I was previously running HA on proxmox. I moved my install to a dedicated computer with the below config. Ever since moving it I’ve had a lot of stability issues. The first issue I was able to resolve by removing the intel Bluetooth integration and the system became more stable, but I’m still having issues. Home assistant will still randomly reboot or freeze up and I have to reboot the machine. Below is a video of what it did last night.
Note the output of pwd for later, that’s the path to your file you’re editing.
then keep hitting the d key, which will delete a line when pressed twice, until you get to just before the crash.
then use the down arrow to pass through the lines you want to share and use the d key to get rid of the rest. Hit the escape key, a colon, the letters w and then q then hit enter.
then on your machine you’re posting from open powershell. Type pwd, hit enter and note the result. That’s where the file will land locally so you can attach it.
This is a Linux issue (if you search for “workqueue leaked lock or atomic” you get a lot of reports from various distributions). Make sure that your distro/kernel is up-to-date.
I’ve just been able to stabilize my HA moved to a (much weaker than yours) n100 box, funnily enough into a VM instead of outside of it.
The key thing is to tweak vm dirty pages sysctls. The defaults are good for a time long past. They blow up in certain workloads on fast machines with loads of memory due to write caches being too big and then blocking everything.

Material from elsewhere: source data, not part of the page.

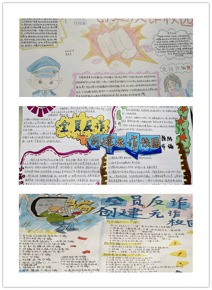 各个班级的同学们积极参与,图文并茂地宣传反诈骗知识,帮助同学们更好地预防和应对电信网络诈骗。本次活动让同学们了解了各种防诈骗手段及防诈骗知识,提高自身防范诈骗的意识和能力。通过手抄报的宣传,师生们普遍知晓了电信诈骗的形式、手段、特点和危害,并掌握了必要的防范技能。
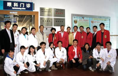 下午3:00,参加仪式的全部人员前往深圳市眼科医院,参加在深圳市眼科医院设置的低视力康复项目视觉评估部揭牌仪式。仪式前,深圳狮子会代表在眼科医院五楼会议室进行了与眼科医院代表的座谈,沟通了关于开展低视力项目的具体事宜。眼科医院非常重视该项目,成洪波院长、秦波副院长、医务处邓宏伟副科长及医院各科科长均出席了座谈会。成洪波院长对深圳狮子会在深圳市眼科医院开设低视力门诊表示欢迎。他指出,低视力工作在中国现阶段还不够完善,通过参与深圳狮子会开展的低视力活动、在眼科医院设立低视力门诊,补充和加强了眼科医院在低视力方面的工作和研究,希望以后有机会与深圳狮子会合作开发一套先进的低视力康复辅助器材,在全国推广低视力工作。
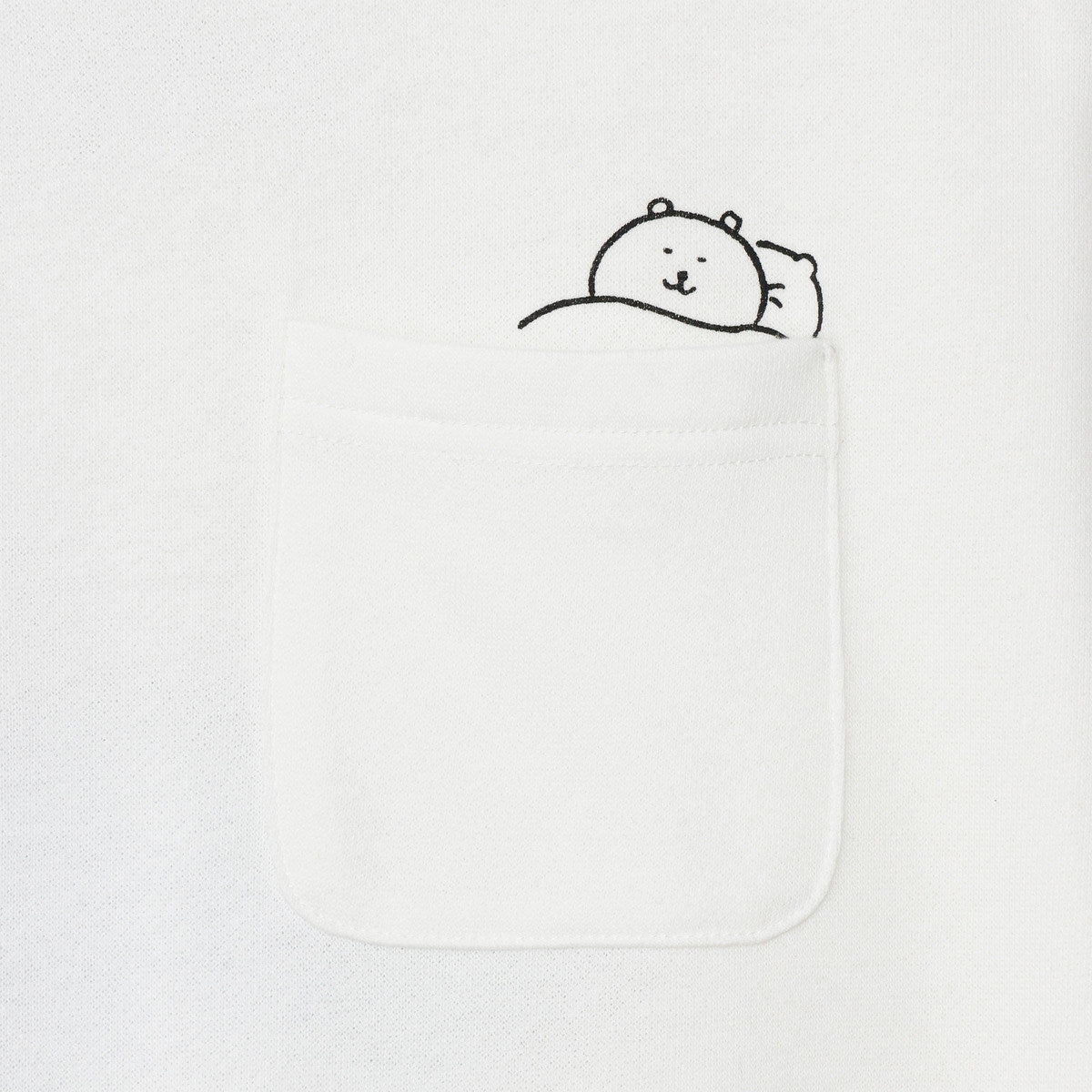 ポケットを布団に見立てた、くつろぐくまが可愛いデザイン。
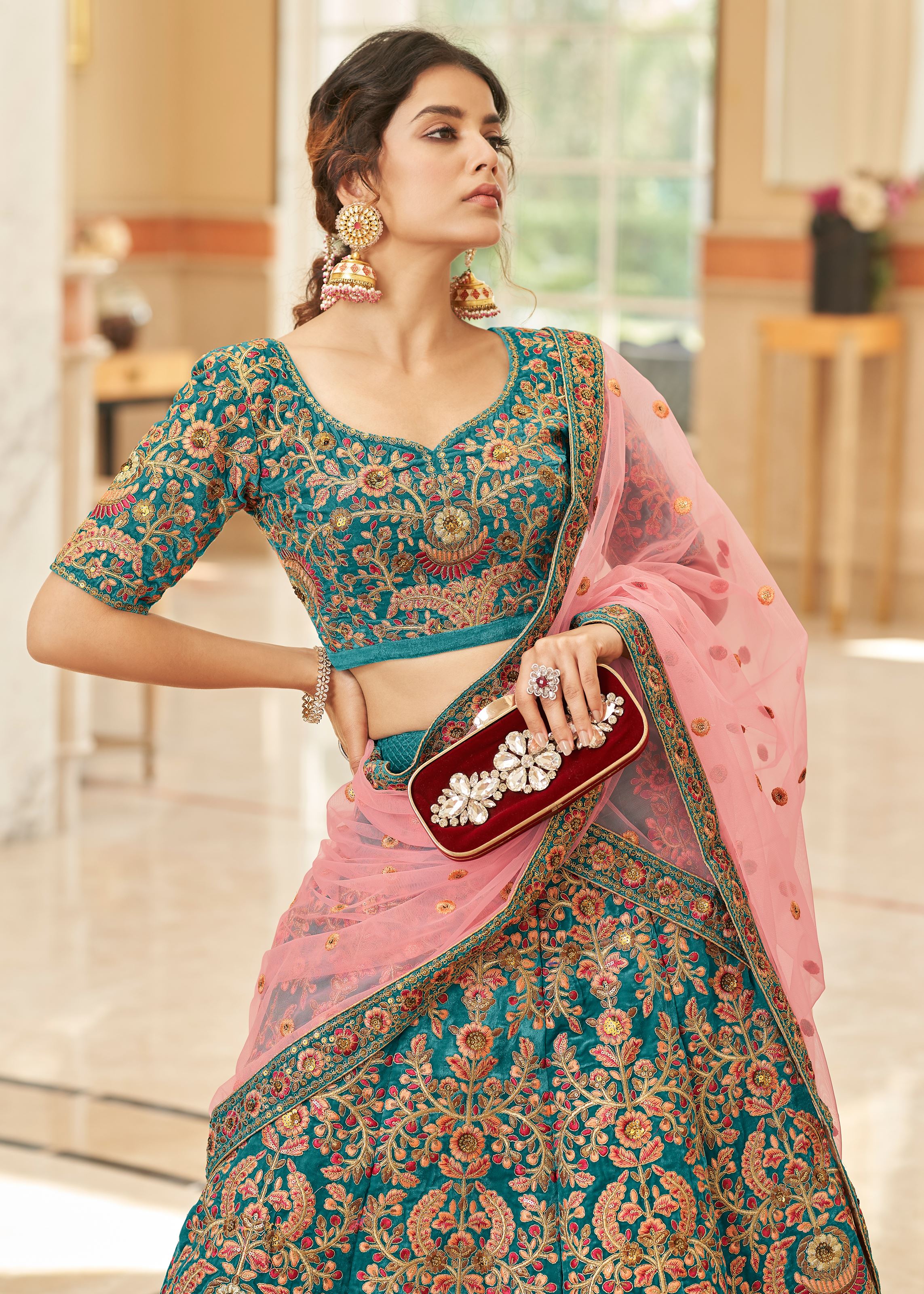 Teal Velvet Lehenga Choli With Thread, Zari, Dori and Sequins Embroidery Work
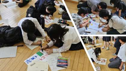 各委員会の活動の中で意見を出し合い、特に生活委員会では「ベル着をしよう!」「あいさつの前は静かに!」「廊下は走らない!」とデザインに工夫を凝らして呼びかけポスターの作成に取り組んでいました。

This is my /etc/sysctl.d/01-memory.local.conf
# do not overcommit - optional
#vm.overcommit_ratio=100
#vm.overcommit_memory=2
# 5 GB of dedicated hugepages for qemu - disable if not used - or increase if using more memory for vms
# vm.nr_hugepages=2560
# use swap, but try not to. do not set to 0!
vm.swappiness = 1
# default 100
vm.vfs_cache_pressure=50
# dirty ratio/bytes: do not oom kill when suddenly lots of pages need to be written to disk
# loads of ram => reduce further
#vm.dirty_ratio=6
#vm.dirty_background_ratio=4
# it's either the above or below - with a very fast disk you can increase this 2x, maybe 5x
vm.dirty_bytes = 1300000000
# ~0.3 * above
vm.dirty_background_bytes = 300000000
# these are still too high probably - experiment with 500/150 or less
vm.dirty_expire_centisecs = 1500
vm.dirty_writeback_centisecs = 300
After these changes (and setting vm image to raw instead of qcow2) my nightly backups barely register on the cpu load time series instead of blowing up to 15+, which on the n100 kills the system.